- [Problem to solve] Beginning with the line containing "El segundo patrón" and ending with the line containing "Найти сумму и", write out each line of the records below exactly; pictures and lines outside that range are left out.

Information shown Start Marker

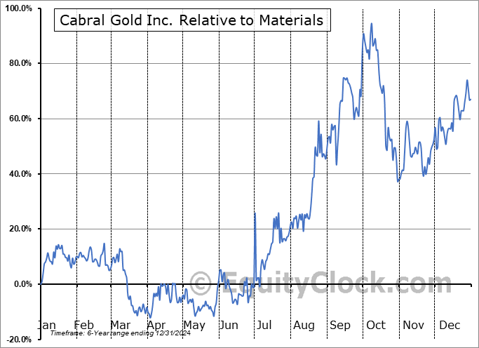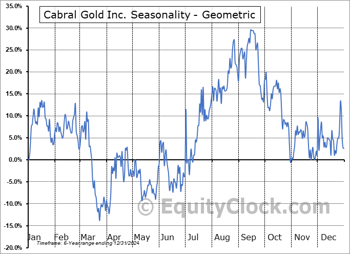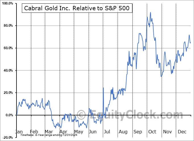 Analysis of the Cabral Gold Inc. (OTCMKT:CBGZF) seasonal charts above shows that a Buy Date of May 27 and a Sell Date of September 18 has resulted in a geometric average return of 35.08% above the benchmark rate of the S&P 500 Total Return Index over the past 6 years. This seasonal timeframe has shown positive results compared to the benchmark in 5 of those periods. This is a very good rate of success and the return strongly outperforms the relative buy-and-hold performance of the stock over the past 6 years by an average of 47.78% per year.
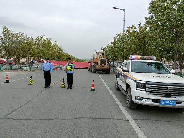 “恰库尔图镇一楼房屋顶被大风掀翻至国道,交通出现阻断。”“收到!我们将安排就近执法人员赶往现场派进行处置。”6月3日18时30分,阿勒泰执法支队富蕴执法大队接到群众交通受阻电话并迅速进行部署。
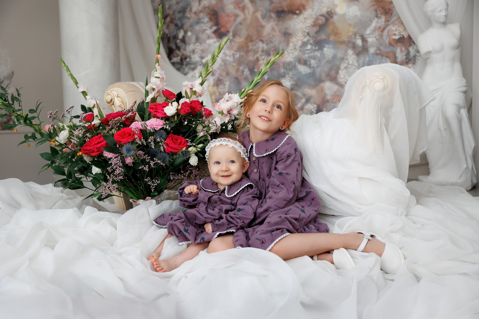Нежная фотосессия для мамы с двумя дочками
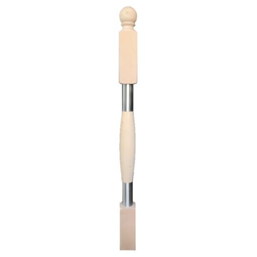 Nieuw! Luxe hoofdbaluster eindbaluster met RVS en beukenhout 1135x80mm. Voor renovatie of nieuwbouw van uw trapleuning, traphek in moderne of klassieke stijl.
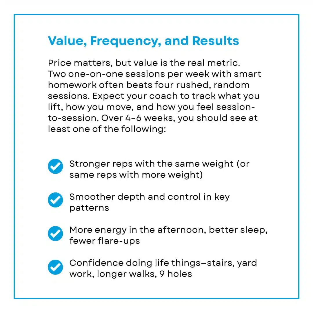 Price matters, but value is the real metric. Two one-on-one sessions per week with smart homework often beats four rushed, random sessions. Expect your coach to track what you lift, how you move, and how you feel session-to-session. Over 4–6 weeks, you should see at least one of the following:
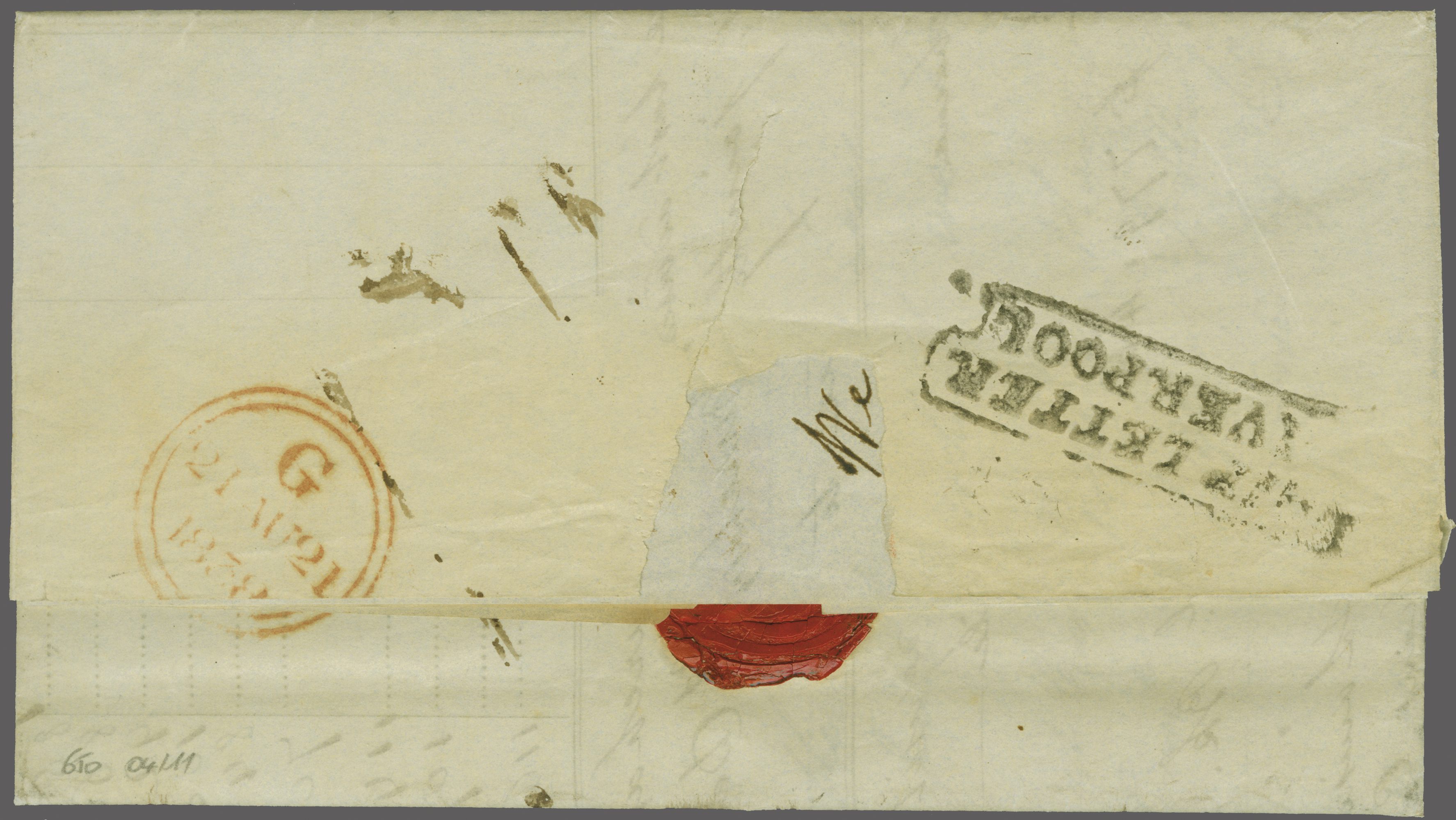 LETTER LIVERPOOL" stepped handstamp and London transit (Aug 21) cds. This 'President' journey lasted from August 4-19 between New York and Liverpool (Image
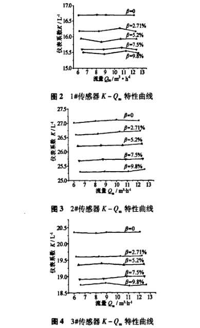 (2)随(suí)體積含(hán)氣率β的(de)增加,3台(tai)渦輪的(de)儀表系(xì)數K均有(you)減小的(de)趨勢。
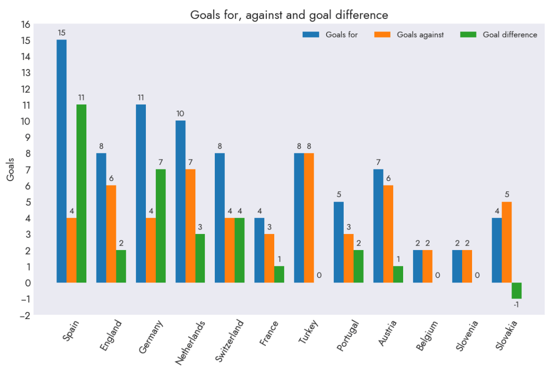 Even though it feels like football's never coming home, I still enjoy the buzz and excitement of an international tournament every couple of years. Sports statistics is another avenue for data visualisation I've been curious about recently so I thought it's worth delving into each team's performance stats using Python and Matplotlib. The code for … Continue reading Euro 2024 Tournament Data Visualised with Python
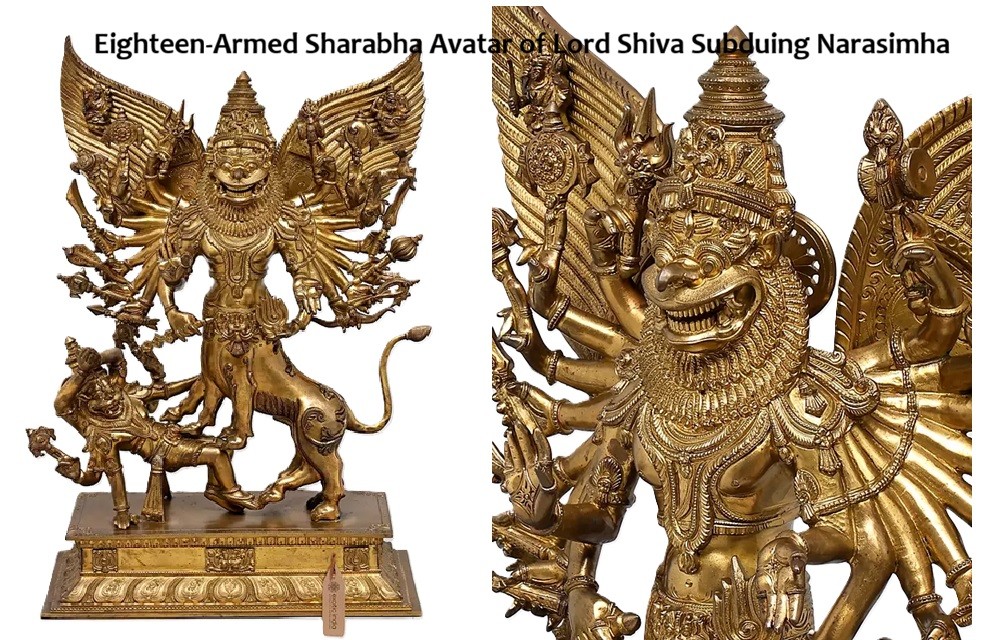 With a lion’s face, fierce fangs, winged, and bearing eight limbs, Sharabha manifests as the very form of Shambhu himself.
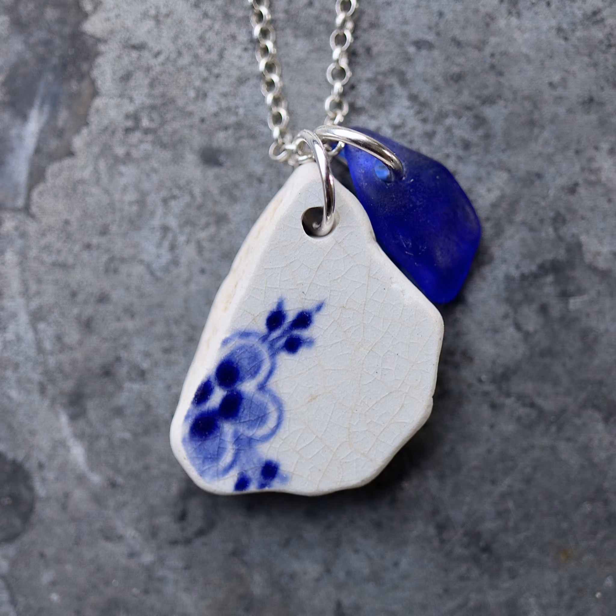 Havsglaset och havsporslinet är samlat längs Skånes stränder och helt obearbetat, endast varsamt tvättat och borrat.
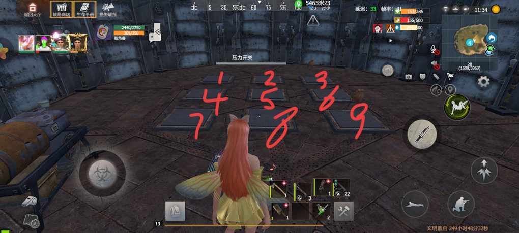 逍遥在这里给伙伴们标记了开关的顺序。旁边发电机放上少量油,就可以去踩4号开关,门开后,里边有怪物和发电机,同样,发电机放少量油,出来后踩9号开关,进去放油,剩下最后一个开关,那就是1号。1号开关踩开后就能看到第二个物资箱了。如果踩错了,那就不好意思了,只能请你们接收追踪的洗礼了。注意这里的开关顺序是4 9 1,踩错就去看追踪。
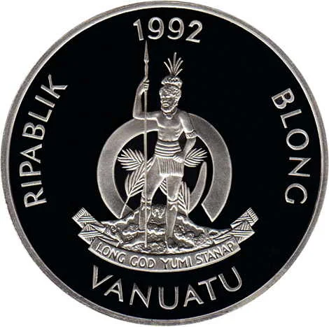Vanuatu's coat of arms depicts a Melanesian warrior before a curved boar's tusk, above a scroll with the national motto.
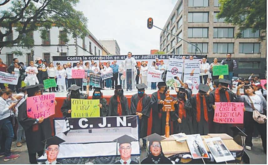 Simpatizantes de Morena colocaron féretros con la imagen de la presidenta de la Suprema Corte, Norma Lucía Piña Hernández, y del ministro Alberto Pérez Dayán, durante un mitin “contra la corrupción” en el Poder Judicial Federal encabezado este sábado por el gobernador de Veracruz, Cuitláhuac García Jiménez, frente a la sede de la SCJN en el centro Vestidos con toga y birrete, los morenistas veracruzanos ingresaron al Centro Histórico con los ataúdes a los que les colocaron foto de los ministros mencionados y las siglas de la Suprema Corte de Justicia de la Nación. ncluso llevaron una cruz de madera que textualmente decía: “Ministra Piña. Ministro Dayán. E.P.D”, así como pancartas con las siguientes leyendas: “Se venden piñas baratas”, “Corte
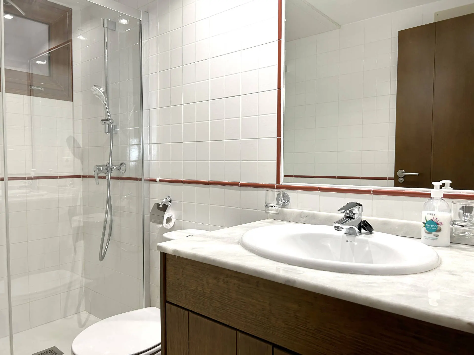 Kompleks oferuje dostęp do trzech basenów oraz zadbanych części wspólnych, zapewniając wysoki standard wypoczynku. Do dyspozycji pozostaje również miejsce parkingowe w garażu podziemnym.
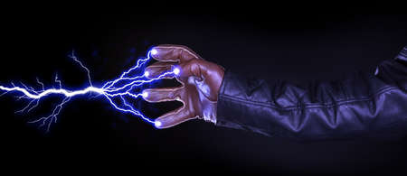 Hand shooting out a bolt of lightning - Dark and mysterious, isolated on black
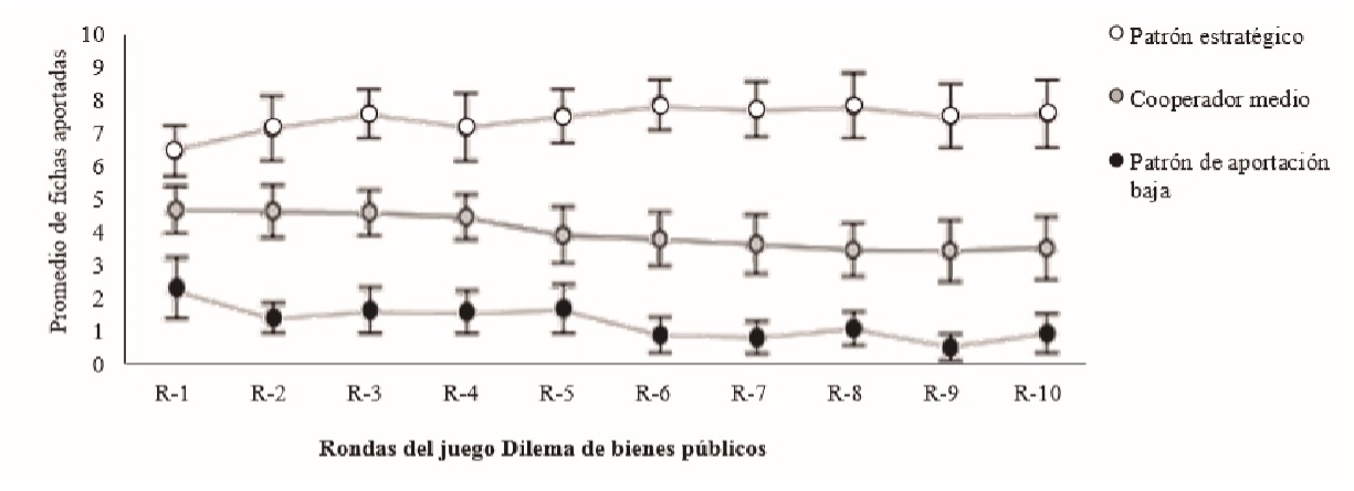 El segundo patrón de aportación fue denominado como cooperador medio debido a que en todas las rondas el promedio de aportaciones de los participantes fue similar a la cantidad media del recurso máximo que podían aportar, siendo este patrón de aportación una línea casi completamente horizontal. Este conglomerado estuvo conformado por 51 participantes, de los cuales el 22 % fueron del grupo con comunicación.
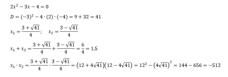Найти сумму и произведение корней уравнения 2х^2 – 3х – 4 = 0.
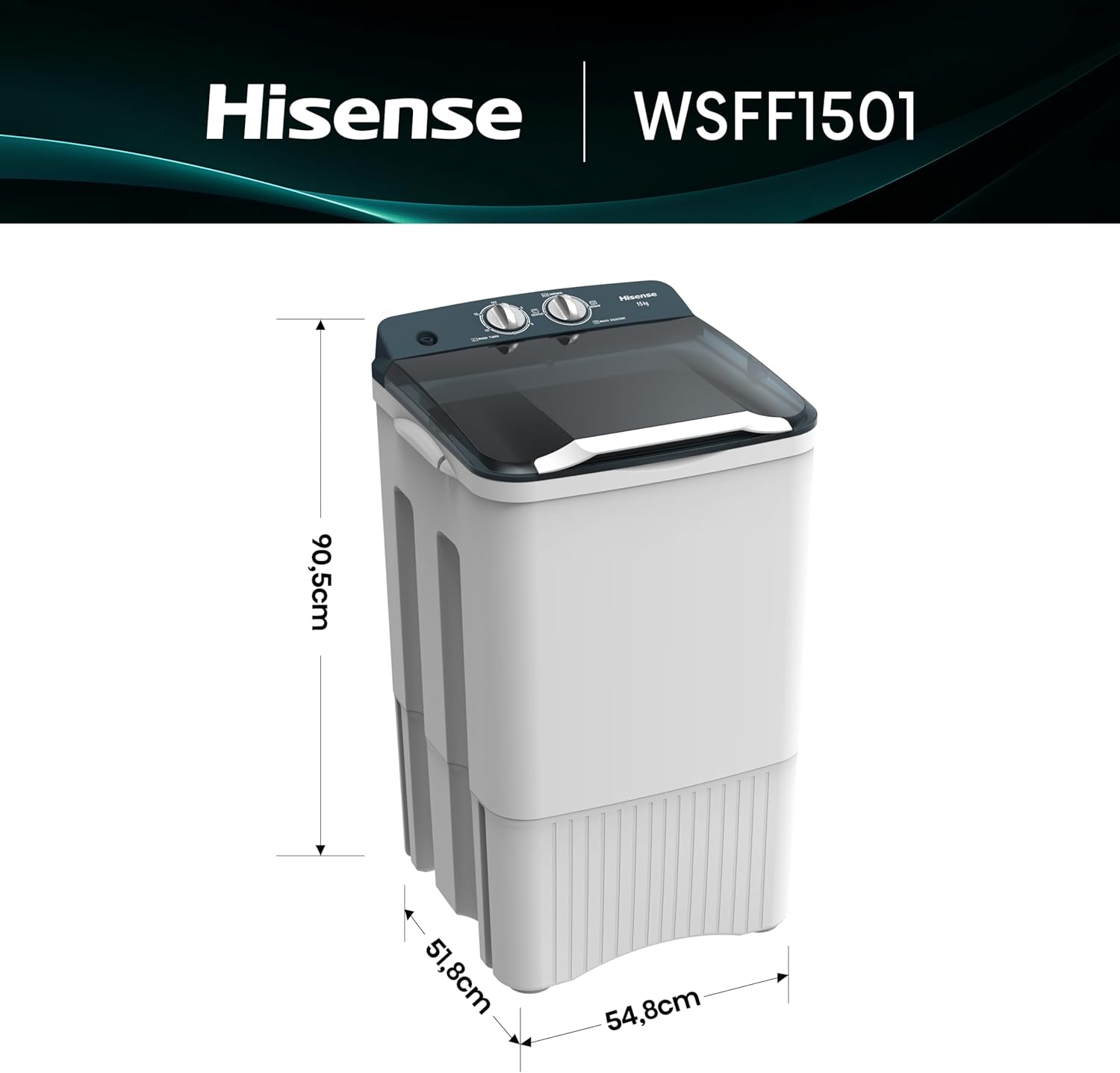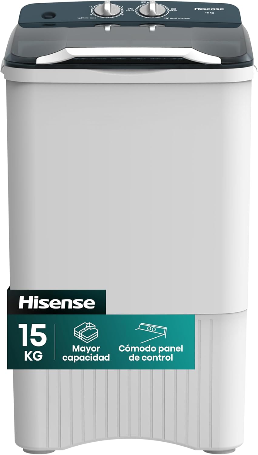 Hisense Lavadora WSFF1501, Semiautomática, 15 Kg, Temporizador de Lavado y Centrifugado, 55x52x91cm(AnchoxLargoxAlto), Blanco/Gris
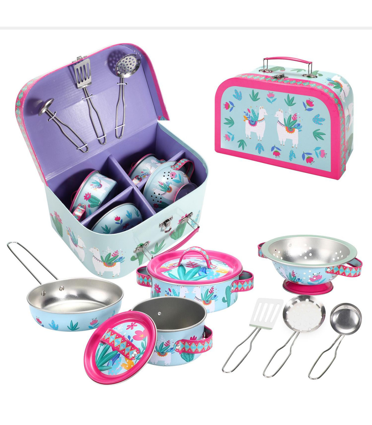 ADORABLE KITCHENWARE SET WITH CUTE AND COLOURFUL LLAMA ILLUSTRATIONS: It's a perfect fun toy-playset for children to throw a dinner party or picnic of their dreams! Each piece comes with a lovely illustration little kids will love! COMES PACKED IN A FUN MATCHING CARRY CASE. The tea set is neatly packed in a robust reinforced laminated carry case with matching illustrations. CASE DIMENSION: 19.5 x 24 x 12 cm FULL 10 PIECE KIDS KITCHENWARE SET: Enjoy a cooking for little guests as this play set comes complete with 2 different sized pans with lids, a frying pan, colander and 3 kitchen utensils. HOURS OF IMAGINATIVE PLAY TIME: SOKA kitchenware Set is a great learning toy encourage little ones to learn via role play and develop their social skills, dexterity and imagination! SAFE & EASY TO PLAY: Made with high quality materials, this tea set has smooth rounded edges which ensure kids can enjoy hours of role play safely.

Information shown End Marker

- [Answer for this exercise]
 El segundo patrón de aportación fue denominado como cooperador medio debido a que en todas las rondas el promedio de aportaciones de los participantes fue similar a la cantidad media del recurso máximo que podían aportar, siendo este patrón de aportación una línea casi completamente horizontal. Este conglomerado estuvo conformado por 51 participantes, de los cuales el 22 % fueron del grupo con comunicación.
Найти сумму и произведение корней уравнения 2х^2 – 3х – 4 = 0.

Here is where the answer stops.